Caitlin Ryan ryancait
Mon May 29 00:35:09 CDT 2006


okay - can list supporters suggest wordings that would resolve the
ambiguity of what "overruling a decision" means?  absent a different
type of topic (overrule a test or statute instead of a case), this
problem seems like an important one to deal with.  my problem isn't
necessarily just "cases can be overruled for different reasons," but
that there are many different views of what "overrule" means, and not
dealing with this problem now could just make it really annoying
later.

the example stefan gave was overruling korematsu - there are parts of
the holding that we want to overrule, like the part that said it's
cool to intern people.  but there are also parts that we don't want to
overrule, like the part that said race-based classifications should be
evaluated with strict scrutiny or the part that says the court has the
jurisdiction to hear the case (because if the court decided it didn't
have jurisdiction to hear the case, then overruling the part of the
decision that says it's cool to intern people would just be dicta and
irrelevant). so yes, korematsu could be overruled on equal protection
grounds, or due process, or maybe because it's not in the president's
power, or for whatever reasons one might want to overrule the
decision; the question is, what constitutes "the decision"?

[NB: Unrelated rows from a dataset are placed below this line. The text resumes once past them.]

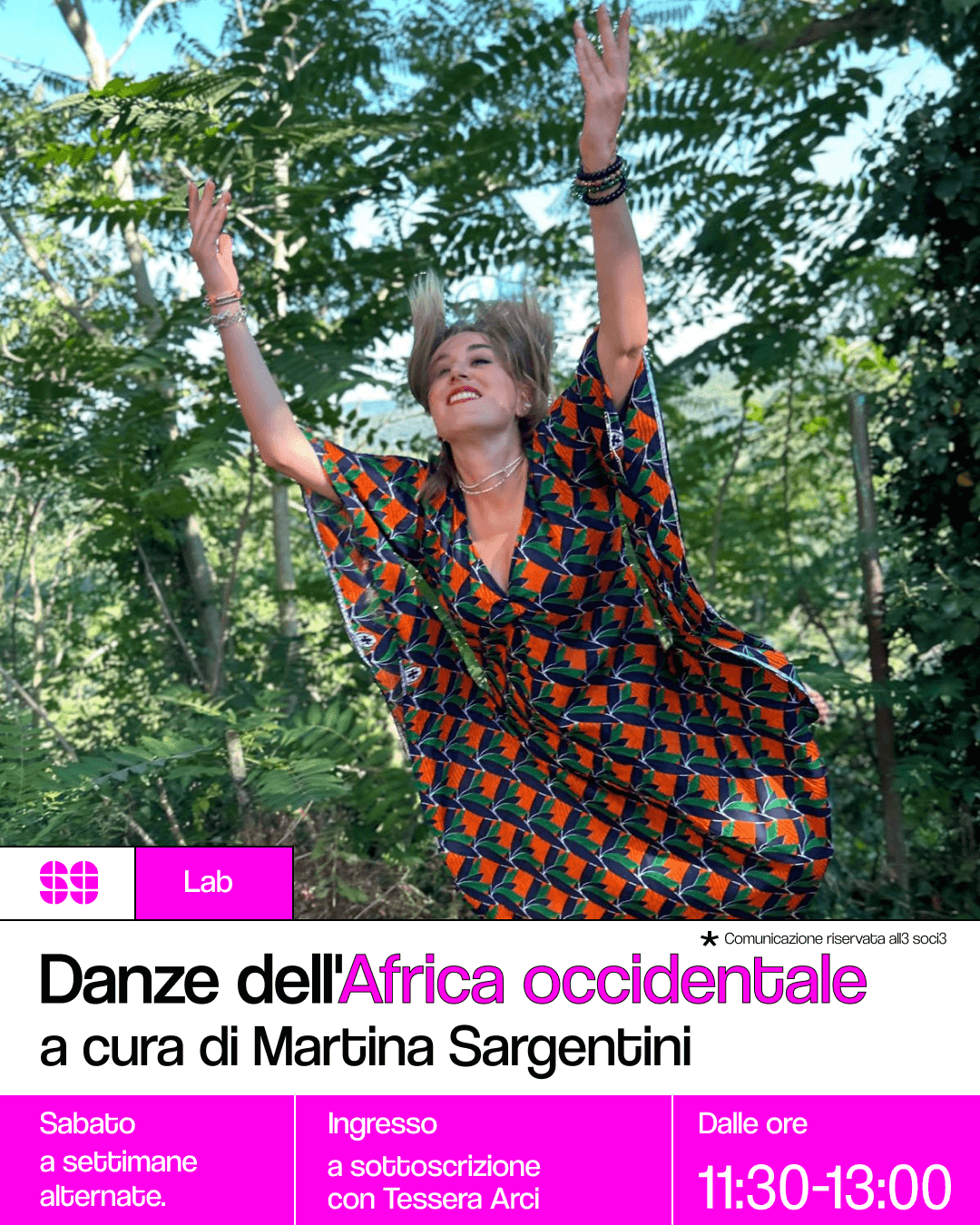 L’insegnante Martina Sargentini vi accompagnerà in questo viaggio energico e liberatorio alla scoperta dei passi tradizionali, dei ritmi potenti e delle storie che si celano dietro ogni movimento. Imparerai a connetterti con il tuo corpo in modo nuovo, esprimendo creatività e forza.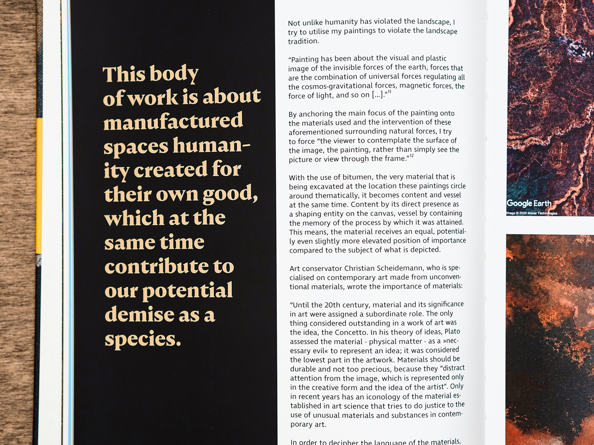 Catalogue including all 62 works from the series 'FUTURE LANDSCAPES' (2015-2020) along with explanatory texts, close-ups and making-of photos. 196 pages, printed on 200g/sqm paper, hardcover,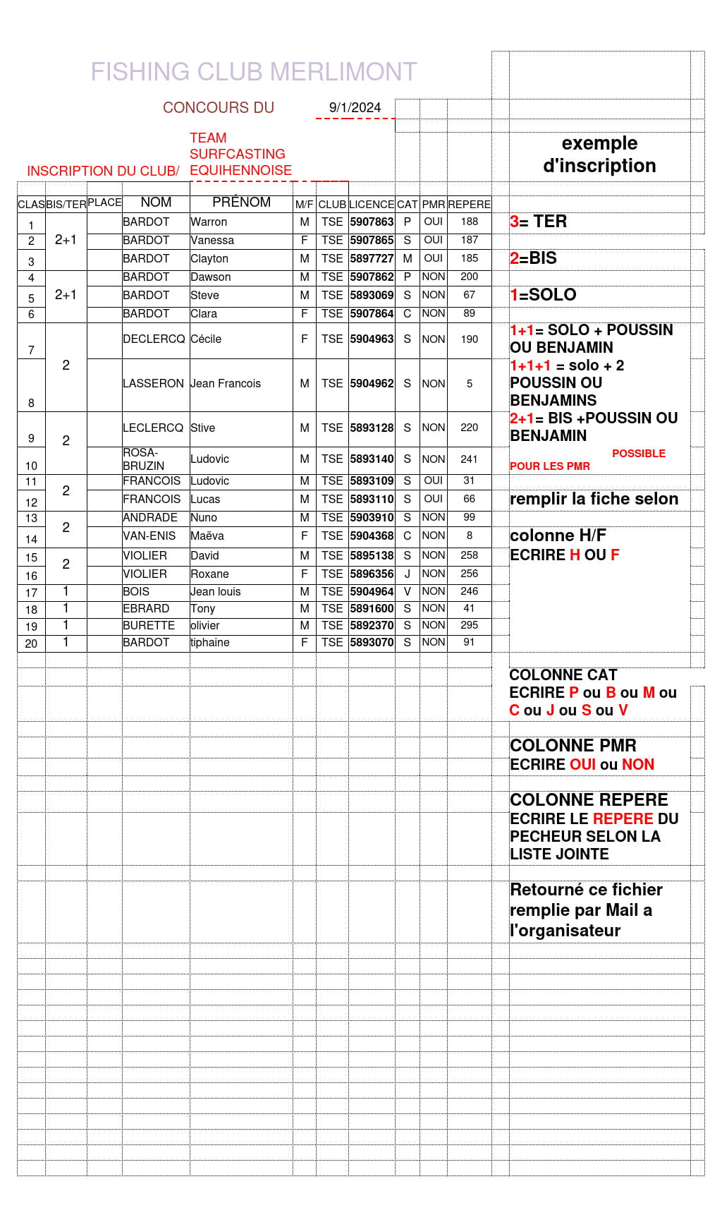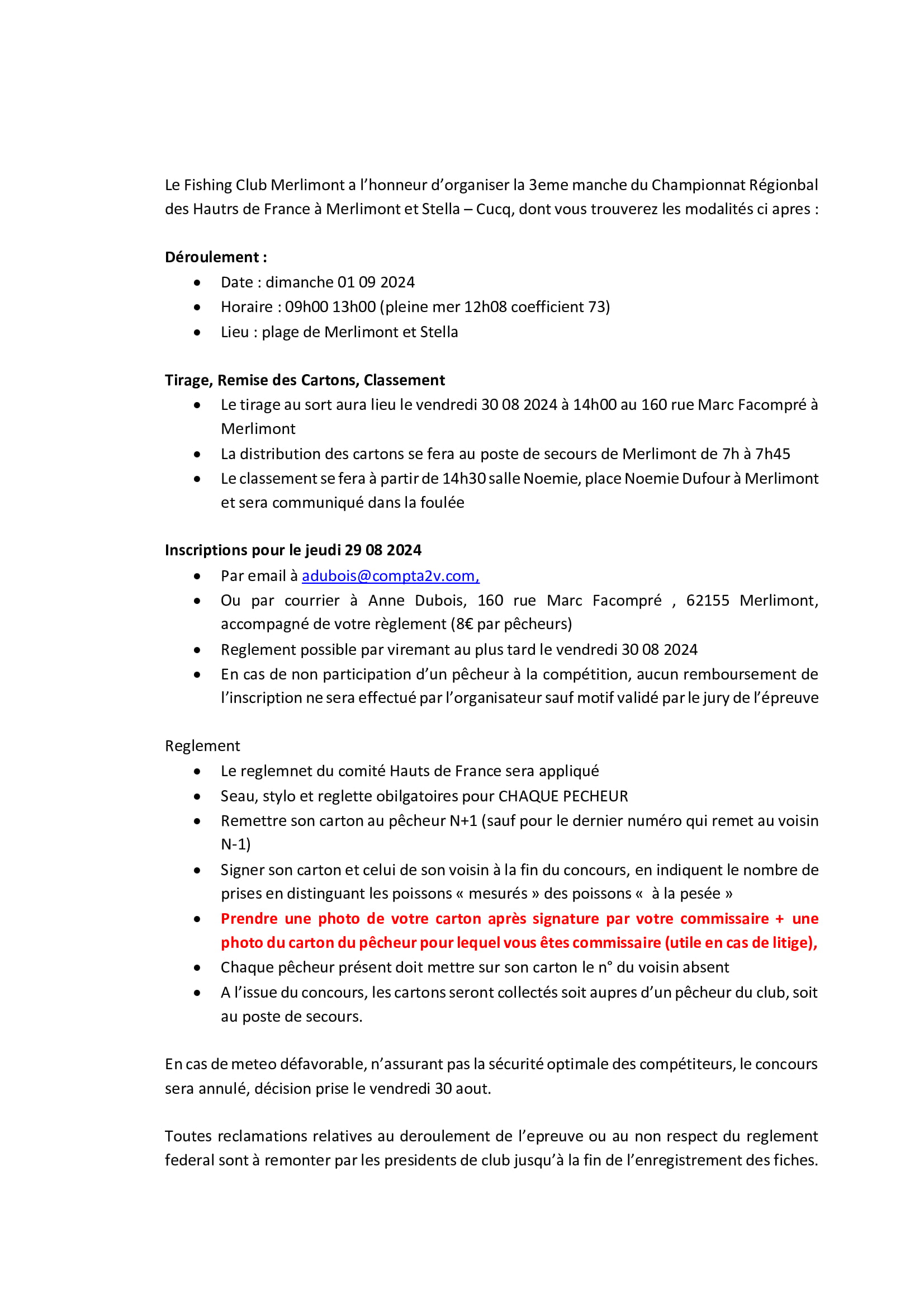 INFORMATIONS SUR LA MANCHE REGIONALE DE SURFCASTING (SEPTEMBRE 2024)

this might just not be as big a problem as i think that it is,
depending on what cases are chosen for the list etc, but i think
there's just the possibility of writing in some unintended and really
annoying PIC ground into the resolution that should be looked at
carefully.

caitlin

ps also like the idea of a presidential powers case if it's a list,
but i agree w/ a.reed that a topic with one area doesn't seem to be
the direction we're moving in, so we shouldn't include it as just area
that could be a topic in-and-of-itself in a list of areas.  i also
think the death penalty as an area or case should be attractive for
people who want an area that encompasses both rights-ish impacts and
bigger relations-type impacts.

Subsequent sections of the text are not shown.